To train a HarmonicLogistic model, you need to encode the training data into two numpy arrays: one for the feature vectors, and one for the true output scores (the value we're trying to regress, i.e. the verifiability score).

The feature vectors should be stored in a 2-dimensional numpy array, such that each row of the array is one feature vector, that is, the shape of the array should be (num_training_examples, feature_vector_length). The target scores (verifiability scores to be regressed) should be in a 1-dimensional array, with length equal to the number of training examples. Both arrays should have dtype='float64'.

Training the model might look something like this:

import numpy as np

# Get the training data
feature_vectors = [
    [1, 2, -0.2, 3, 2, -1, 0, 10, 0.1, -1],
    [2, 1, -0.4, 3, 0, -2, 0, 10, 0.2, 11],
    [3, 0, 0.54, 1, 0, -3, 1, 11, 0.7, -4],
]
target_vector = [0.4, 0.7, 0.8]

# Cast it into numpy float64 arrays
feature_vectors = np.array(feature_vectors, dtype='float64')
target_vector = np.array(target_vector, dtype='float64')

# Train the model
regressor.fit(feature_vectors, target_vector)

By default, the model will train until it's loss function changes by less than 1e-8 from one stochastic-gradient-descent step to the next, and will use a learning rate of 1.0. The loss and the change in loss are printed after each training epoch. You can control all of these behaviors, e.g.:

# Specify the learning rate when constructing the model
regressor = HarmonicLogistic(lengths=[3, 4, 3], learning_rate=0.1)

# Train the model
regressor.fit(
    feature_vectors, target_vector, 
    tolerance=1e-10, learning_rate=1.0, verbose=False
)

How do you know when to modify the learning rate? Setting the learning rate involves weighing the speed of training against the stability of the stochastic gradient descent and the precision of the fit it is capable of generating. The default learning rate of 1.0 worked well in the test suite, and if it works and the model doesn't take too long to train, then it's fine.

A larger step size means that the model will approach convergence more quickly, at least at first. But if the step size is too large, then the model may never converge, because it actually steps over the basin of the loss-function. A smaller step size will take longer to converge, but because of the smaller step size, the algorithm can home in on a minimum of the loss function more precisely.

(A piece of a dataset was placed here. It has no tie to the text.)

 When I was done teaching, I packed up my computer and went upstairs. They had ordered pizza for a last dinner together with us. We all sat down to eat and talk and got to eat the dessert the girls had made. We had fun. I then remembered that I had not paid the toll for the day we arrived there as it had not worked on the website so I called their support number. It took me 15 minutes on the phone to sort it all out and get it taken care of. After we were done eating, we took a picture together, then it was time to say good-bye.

What should the tolerance be? The tolerance is involves a similar time vs accuracy tradeoff. It represents an amount of change in the model's loss function that we consider to be negligible. Once the loss function changes by less than the tolerance from one sgd-step to the next, optimization will stop. A very small (i.e. very precise) tolerance might require a smaller learning rate to converge.

Predicting

A model can be used to predict the output score (verifiability) from supplied feature vectors. Supply the feature vectors to the predict method in the same format as for the train method, but don't provide a target vector:

>>> regressor.predict(feature_vectors)
array([0.349945699, 0.70010234, 0.77732115])

Saving and loading

Once trained, save a model to disk using the save() method, passing it a path at which to write the model. The internal parameters that define the model will be written to file using numpys .npz format. To load a model, supply a model file's path to the load keyword in the constructor, or call the load() method on an existing model instance:

# Save a model
regressor.save('my-model.npz')

# Load a model using the load keyword in the constructor
new_regressor = HarmonicLogistic(load='my-model.npz')

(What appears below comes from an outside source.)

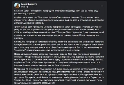 "25 января Vorex подал жалобу в Антимонопольный комитет на "Укргазвыдобування", заблокировав 4 тендера на закупку труб для добычи газа. Мотив — сроки поставки в 90 дней очень сжатые, трубы из Китая придут только через 180 дней. Но ведь трубы нужны УГВ здесь и сейчас!.. Такие трубы производят как в Европе, так и в Украине. Но Vorex пытается диктовать государственной стратегической компании свои условия", – отметил он.

# Or load a model onto an existing HarmonicLogistic instance
new_regressor = HarmonicLogistic(lengths=[3,4,3])   # Note: lengths overwritten by those in the stored model
new_regressor.load('my-model.npz')

verifiability-ijcnlp-2017's People

Contributors

enewe101 avatar

Watchers

 avatar  avatar

Recommend Projects

  • React photo React

    A declarative, efficient, and flexible JavaScript library for building user interfaces.

  • Vue.js photo Vue.js

    ๐Ÿ–– Vue.js is a progressive, incrementally-adoptable JavaScript framework for building UI on the web.

  • Typescript photo Typescript

    TypeScript is a superset of JavaScript that compiles to clean JavaScript output.

  • TensorFlow photo TensorFlow

    An Open Source Machine Learning Framework for Everyone

  • Django photo Django

    The Web framework for perfectionists with deadlines.

  • D3 photo D3

    Bring data to life with SVG, Canvas and HTML. ๐Ÿ“Š๐Ÿ“ˆ๐ŸŽ‰

Recommend Topics

  • javascript

    JavaScript (JS) is a lightweight interpreted programming language with first-class functions.

  • web

    Some thing interesting about web. New door for the world.

  • server

    A server is a program made to process requests and deliver data to clients.

  • Machine learning

    Machine learning is a way of modeling and interpreting data that allows a piece of software to respond intelligently.

  • Game

    Some thing interesting about game, make everyone happy.

Recommend Org

  • Facebook photo Facebook

    We are working to build community through open source technology. NB: members must have two-factor auth.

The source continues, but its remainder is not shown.